You know you should take care of yourself. But every time you try, you stall. You scroll instead of shower. You cancel the walk you planned. You promise to rest, but end up working late, again.
This isn’t laziness. It’s not a lack of discipline.
It’s something deeper.
From a therapist’s lens, when self-care feels hard, it’s often because your nervous system is already working overtime just to keep you afloat.
The Myth of Effortless Self-Care
Self-care is marketed like a spa day or a face mask. But real self-care can be messy, emotional, and exhausting.
It means saying no. Resting when you feel guilty. Eating when you’d rather ignore your hunger. Setting boundaries that others won’t like.
For trauma survivors or those with chronic stress, even identifying your needs can feel foreign. That’s where therapy helps. Grigore Counselling works with people who feel blocked from the very things that are supposed to help.
And that doesn’t mean you’re broken. It means you need support, not more pressure.
Why Is Self-Care So Hard?
Here’s what we often see in our clients:
Nervous system dysregulation
When you’re constantly in fight, flight, or freeze, your brain doesn’t prioritize reflection or rest. Your survival system says, “There’s no time for a bath. We need to stay alert.”
Shame cycles
Many people think they have to earn self-care. If they haven’t achieved enough, they deny themselves rest. That turns care into a reward instead of a right.
Attachment wounds
If no one consistently cared for you growing up, it may feel unsafe or unfamiliar to care for yourself now. DBT, IFS, and trauma-informed therapy can help rewire these patterns.
Emotional avoidance
For some, slowing down brings up discomfort. When you’re alone and quiet, the feelings you’ve been avoiding come up. So you keep busy. Or distracted. Or numb.
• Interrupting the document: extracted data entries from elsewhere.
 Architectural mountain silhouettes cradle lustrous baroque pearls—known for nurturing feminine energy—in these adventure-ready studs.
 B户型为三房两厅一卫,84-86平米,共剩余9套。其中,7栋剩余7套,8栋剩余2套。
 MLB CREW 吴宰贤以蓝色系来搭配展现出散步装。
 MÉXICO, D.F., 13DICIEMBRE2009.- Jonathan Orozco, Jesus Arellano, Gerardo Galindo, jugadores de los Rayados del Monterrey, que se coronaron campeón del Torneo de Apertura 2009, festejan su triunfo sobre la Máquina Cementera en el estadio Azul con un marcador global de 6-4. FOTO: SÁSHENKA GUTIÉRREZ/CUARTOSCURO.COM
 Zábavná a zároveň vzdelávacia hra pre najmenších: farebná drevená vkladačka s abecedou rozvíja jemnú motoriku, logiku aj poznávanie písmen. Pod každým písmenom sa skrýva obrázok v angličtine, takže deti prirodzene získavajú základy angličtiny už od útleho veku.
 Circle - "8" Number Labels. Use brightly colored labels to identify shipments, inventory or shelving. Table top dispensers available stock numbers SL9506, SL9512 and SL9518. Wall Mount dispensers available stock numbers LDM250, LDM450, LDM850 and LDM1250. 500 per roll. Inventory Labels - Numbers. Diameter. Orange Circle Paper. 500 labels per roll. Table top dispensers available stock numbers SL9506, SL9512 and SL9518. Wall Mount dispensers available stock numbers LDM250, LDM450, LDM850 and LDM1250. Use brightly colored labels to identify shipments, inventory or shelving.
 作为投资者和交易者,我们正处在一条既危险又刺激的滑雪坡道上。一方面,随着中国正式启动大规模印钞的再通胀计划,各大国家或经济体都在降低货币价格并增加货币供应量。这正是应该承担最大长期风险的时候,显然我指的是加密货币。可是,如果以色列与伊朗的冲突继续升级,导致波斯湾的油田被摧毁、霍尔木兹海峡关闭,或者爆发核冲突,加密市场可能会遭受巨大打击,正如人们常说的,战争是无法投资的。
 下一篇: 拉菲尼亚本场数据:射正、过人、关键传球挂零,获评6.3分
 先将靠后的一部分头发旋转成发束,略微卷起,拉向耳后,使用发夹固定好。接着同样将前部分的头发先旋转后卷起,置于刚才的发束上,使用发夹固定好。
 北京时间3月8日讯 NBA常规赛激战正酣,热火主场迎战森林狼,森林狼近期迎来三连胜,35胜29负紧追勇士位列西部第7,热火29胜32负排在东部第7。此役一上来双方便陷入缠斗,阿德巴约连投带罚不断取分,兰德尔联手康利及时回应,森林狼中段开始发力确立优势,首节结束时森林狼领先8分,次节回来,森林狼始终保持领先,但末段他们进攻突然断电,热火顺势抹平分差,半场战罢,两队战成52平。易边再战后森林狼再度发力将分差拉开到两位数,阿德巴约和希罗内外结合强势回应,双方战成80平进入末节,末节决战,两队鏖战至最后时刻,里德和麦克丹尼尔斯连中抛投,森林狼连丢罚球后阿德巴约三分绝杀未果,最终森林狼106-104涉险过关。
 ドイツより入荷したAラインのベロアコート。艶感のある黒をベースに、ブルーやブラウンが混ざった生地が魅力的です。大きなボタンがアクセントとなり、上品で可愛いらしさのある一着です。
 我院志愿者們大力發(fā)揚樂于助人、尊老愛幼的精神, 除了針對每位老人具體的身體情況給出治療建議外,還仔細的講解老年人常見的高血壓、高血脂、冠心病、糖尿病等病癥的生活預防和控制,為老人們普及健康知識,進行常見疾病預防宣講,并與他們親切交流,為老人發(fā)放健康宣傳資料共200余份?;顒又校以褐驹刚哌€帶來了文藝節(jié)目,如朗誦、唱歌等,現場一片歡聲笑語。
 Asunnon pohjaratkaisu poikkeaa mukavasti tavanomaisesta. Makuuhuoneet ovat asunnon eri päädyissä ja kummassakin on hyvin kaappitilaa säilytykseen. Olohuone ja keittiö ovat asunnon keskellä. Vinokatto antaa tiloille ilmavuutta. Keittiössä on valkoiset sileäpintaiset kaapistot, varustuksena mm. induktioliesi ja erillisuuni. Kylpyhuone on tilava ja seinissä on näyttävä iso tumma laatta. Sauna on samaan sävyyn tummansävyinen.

Therapy Helps You Redefine Self-Care
Real self-care isn’t just what feels good, it’s what helps you heal.
We often tell our clients this:
- Self-care is eating before you’re starving.
- It’s leaving the party when you’re overstimulated.
- It’s going to therapy when you’re tired of pretending you’re fine.
Therapies like CBT, DBT, and EMDR help clients identify the internal blocks that make care feel hard. We don’t just give you a list of what to do, we help you understand why it feels impossible in the first place.
When You’ve Tried Everything and Still Feel Stuck
If you’ve bought the journals, downloaded the apps, and signed up for yoga, but nothing sticks, it’s not because you’re hopeless. It’s because behavior change without emotional healing doesn’t last.
We’ve worked with clients across BC, the Yukon, and even remote areas like Yellowknife. They all have one thing in common: they thought they should be able to figure it out alone.
But care isn’t supposed to be a solo act.
Therapy helps you learn how to listen to your needs, soothe your stress, and reconnect with your body. Slowly. Safely. Sustainably.
Gentle First Steps
We don’t push our clients into bubble baths and gratitude journals. We begin with the nervous system.
Try this:
- Place one hand on your chest. One on your belly.
- Take a slow, 4-second inhale.
- Hold for 2 seconds.
- Exhale for 6.
- Do it again. Just twice.
That’s self-care. Right there. No products. No pressure. Just presence.
And if it still feels too hard, that’s okay. That’s your sign, not of failure, but of overwhelm. And that’s exactly what therapy can help with. Reach out to us if you want to talk to someone who gets it.
FAQ: When Self-Care Feels Hard
Why do I feel guilty taking care of myself?
Guilt is common when you’ve been conditioned to prioritize others or tie your worth to productivity. Therapy helps untangle those beliefs.
Can therapy help me stick to a self-care routine?
Yes. We work on what’s under the resistance, like trauma, shame, or nervous system burnout, so that routines become natural, not forced.
Is it normal to feel worse when I try to rest?
Yes. Rest can bring up stored emotions. If your system is used to being in overdrive, slowing down can feel unsafe at first. You’re not alone.